DksA acts as a transcriptional switch in stress and virulence in Acinetobacter baumannii

Ability to redirect limiting cellular resources accurately is key to bacteria for surviving in harsh environments that they often encounter during their lifetime. DksA, a transcriptional initiating factor, plays critical roles in regulating stress responses and antibiotic tolerance. Acinetobacter baumannii has become a major healthcare threat and responsible for both nosocomial and community acquired deadly infections worldwide. Yet, little is known about the role of DksA in A. baumannii. Here we describe a highly pleiotropic nature of DksA that it helps redirect the key metabolic pathways associated with the respiration, energy production, protein biosynthesis. Inhibition of ribosomal RNAs, ATP production by DksA is detrimental to bacteria under bacteriostatic stresses such as copper and trimethoprim. By contrast, it is required for survival in stresses that generate reactive-oxygen species such as zinc and gentamycin. Bacteria lacking DksA exhibit increase sensitivity to human serum, promote biofilm formation and capsule production.

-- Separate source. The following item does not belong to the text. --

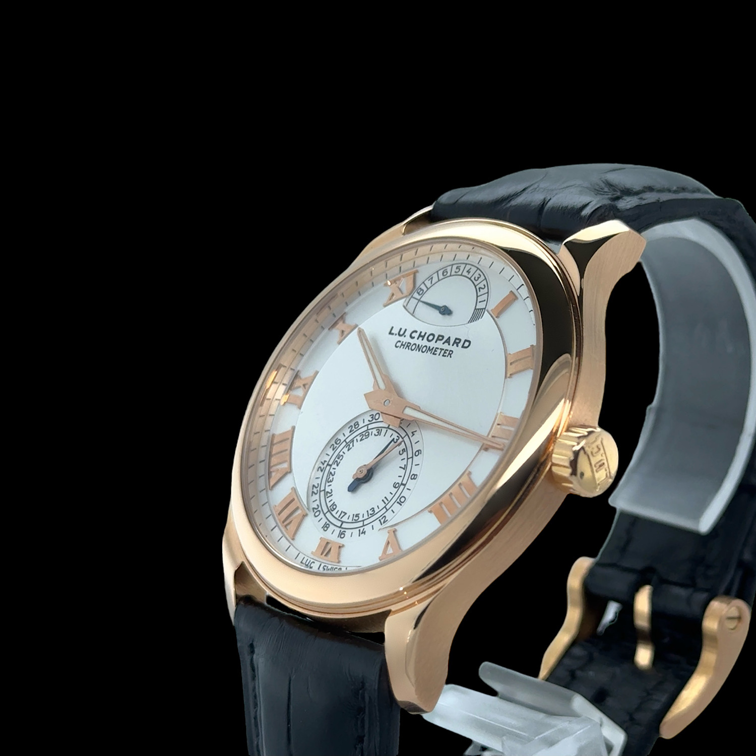Das Manufakturkaliber L.U.C 98.01‑L wurde durch unseren Uhrmacher geprüft. Es läuft absolut zuverlässig und überzeugt durch seine außergewöhnliche Gangreserve und feinste Veredelung.
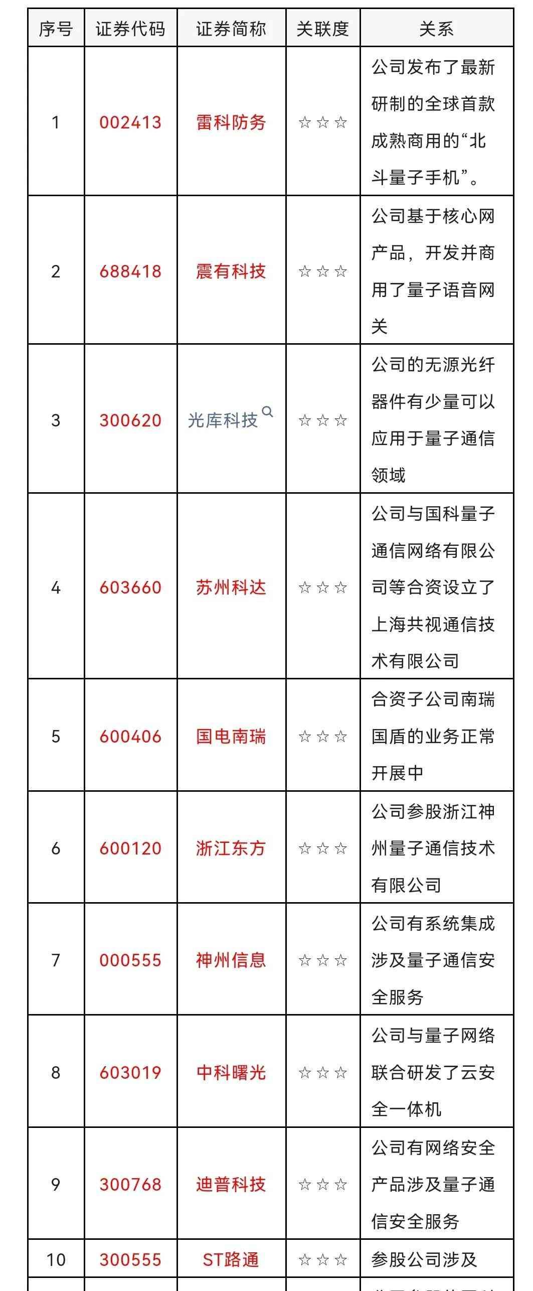 国盾量子、神州信息、光迅科技、苏州科达

Not only does DksA show diverse phenotypes in vitro, but it also impacted on virulence in a niche specific manner during in vivo Galleria mellonella and murine infections. Our data collectively provides the detailed insight into the role of DksA in stress protection and virulence in A. baumannii and layout a roadmap for similar findings in other clinically important pathogens. Examination of mRNA profiles of A. baumannii wild-type and its dksA knockout mutant under copper or zinc stress stimulations.